Most folks don't even know the country's up here, a wooded, mountainous landscape almost the size of Ireland, with breathtaking summits in excess of 10,000 feet, and with more stunning wildlife -- wolves, grizzlies, Stone sheep, eagles, and vast herds of elk -- than anywhere else in North America. There are only a few small roads and only one major road (the Alaska Highway) cutting across the northeast corner of this still-pristine wilderness near where Alberta, the Yukon, and Northwest Territories begin to come together, and where the Rockies get bigger and wilder the closer you get to the North Pole.

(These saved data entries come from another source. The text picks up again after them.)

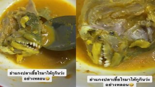 ไวรัลหลอน 2 ล้านวิว หนุ่มอวดแกงไตปลาฝีมือย่า กินเสร็จเพิ่งสังเกตน้องยิ้มแฉ่งเห็นฟันเรียงเป็นแผง เห็นแล้วหลอน ชาวเน็ตถาม อย่าบอกนะว่า ปิรันย่า
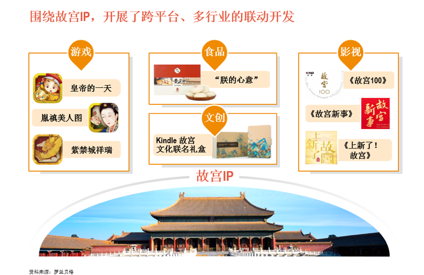 故宫借助互联网思维,开展了跨平台、多行业的联动开发,实现品牌方与IP方的双赢(图K)。2013年,故宫IP切入游戏市场,与腾讯合作,陆续推出《胤禛美人图》、《皇帝的一天》等五款游戏类APP。2016年和2017年,故宫打造纪录片《我在故宫修文物》和热播节目《国家宝藏》,风靡一时。此外,故宫食品“朕的心意”旗舰店入驻天猫,独家首发“清代古方膳食”,联合Kindle推出Kindle Paperwhite X 故宫文化定制保护套及联名礼盒,火爆网络。
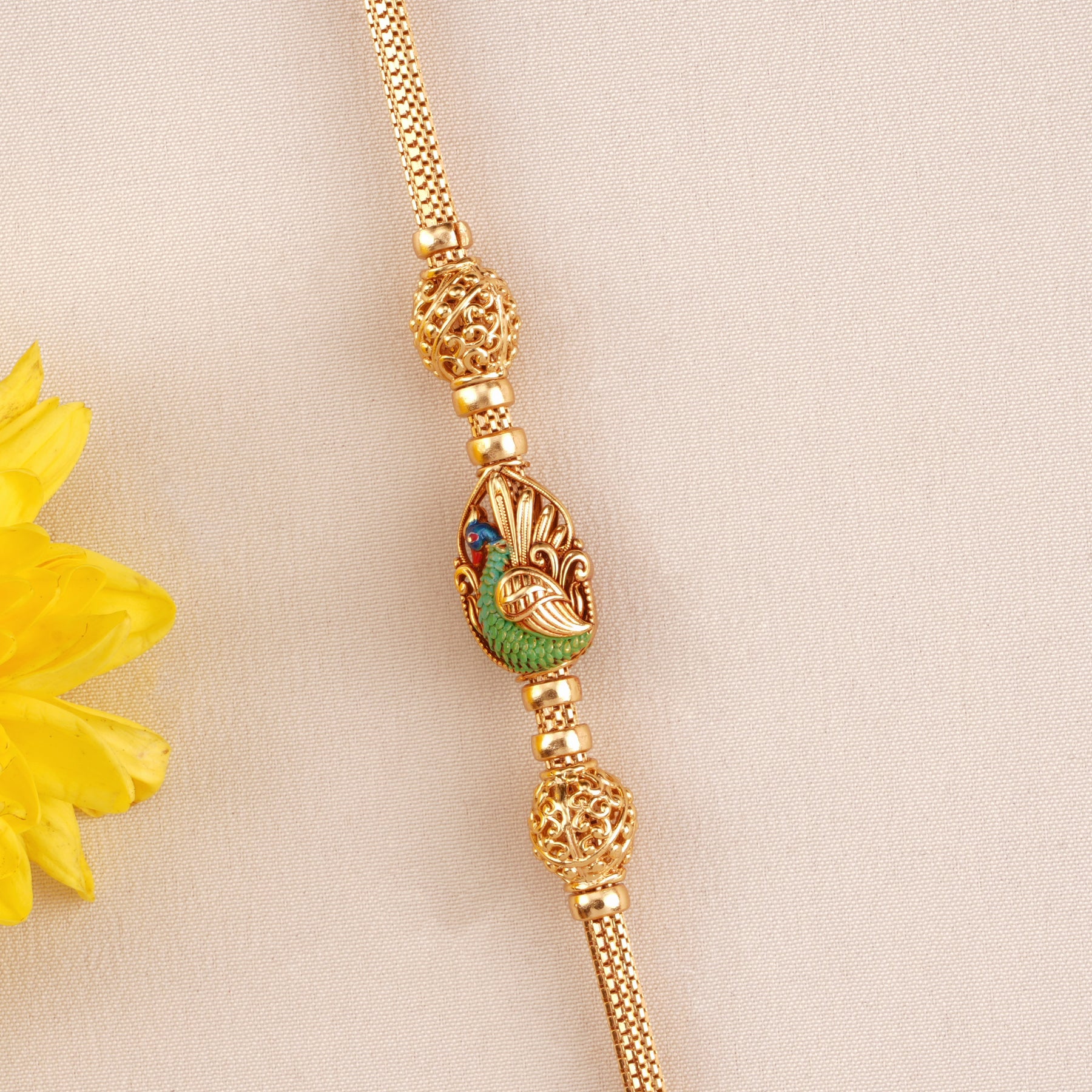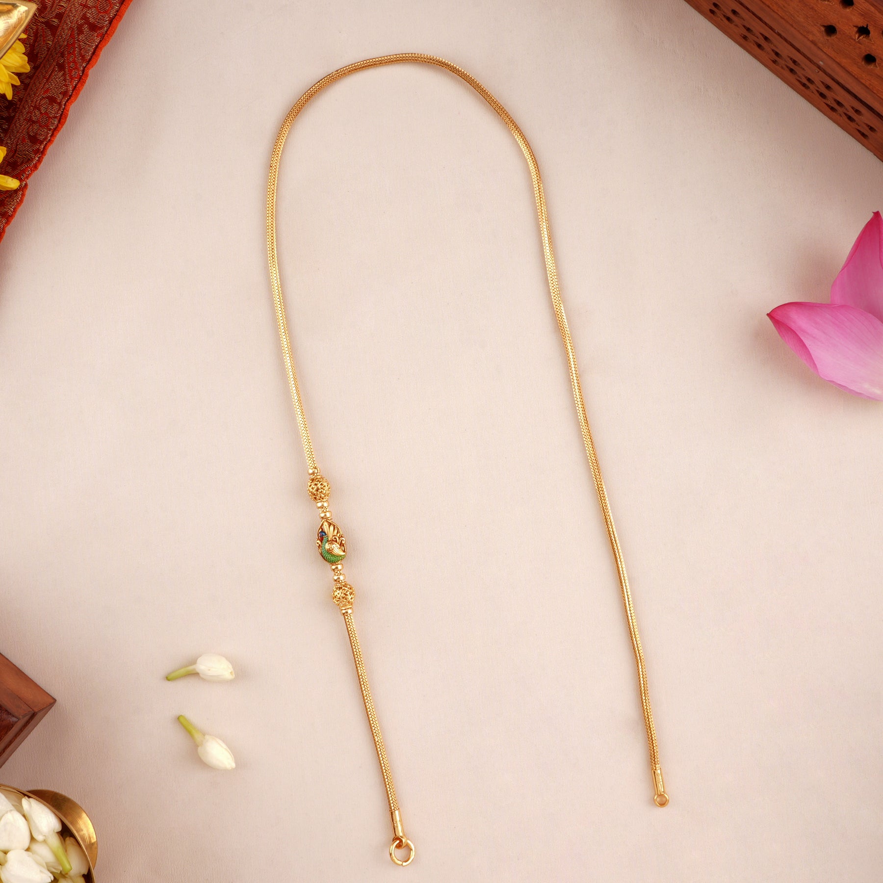 Made of 92.5 silver with gold plating, this chain features a shining peacock pattern symbolizing beauty and grace. Ideal for festive and cultural occasions.

Peck, a taciturn man, lets the vast silent spaces of the north remain vast and silent. Some questions he just flat doesn't answer, while others he cogitates on for long periods -- 10 or 20 minutes, or even an hour or three -- before answering. When I ask him how cold it gets in this country, his first answer is the short version -- "as cold as it wants to" -- though later he will send me the following description: "In late January this year it was down to -40 C. Across the north, this week we have a chinook on the east slope and it went to 10 C this week," and so on, helpfully.
Peck is a hunter, which is not to say he couldn't be considered an environmentalist -- but in his passion for this wildest of lands, he has allowed himself to get mixed up with some bona fide environmentalists, and with some geologists, too, as well as other hunting guides and outfitters, and First Nations people. He began going to meetings and conferences, years and years' worth, entering vast wildernesses of concrete, with the future of this land, the Muskwa-Kechika (named for the Muskwa and Kechika watersheds), as unknowable and unmappable as the deepest, ancient ocean-turned-to-stone or the darkest, farthest forest above.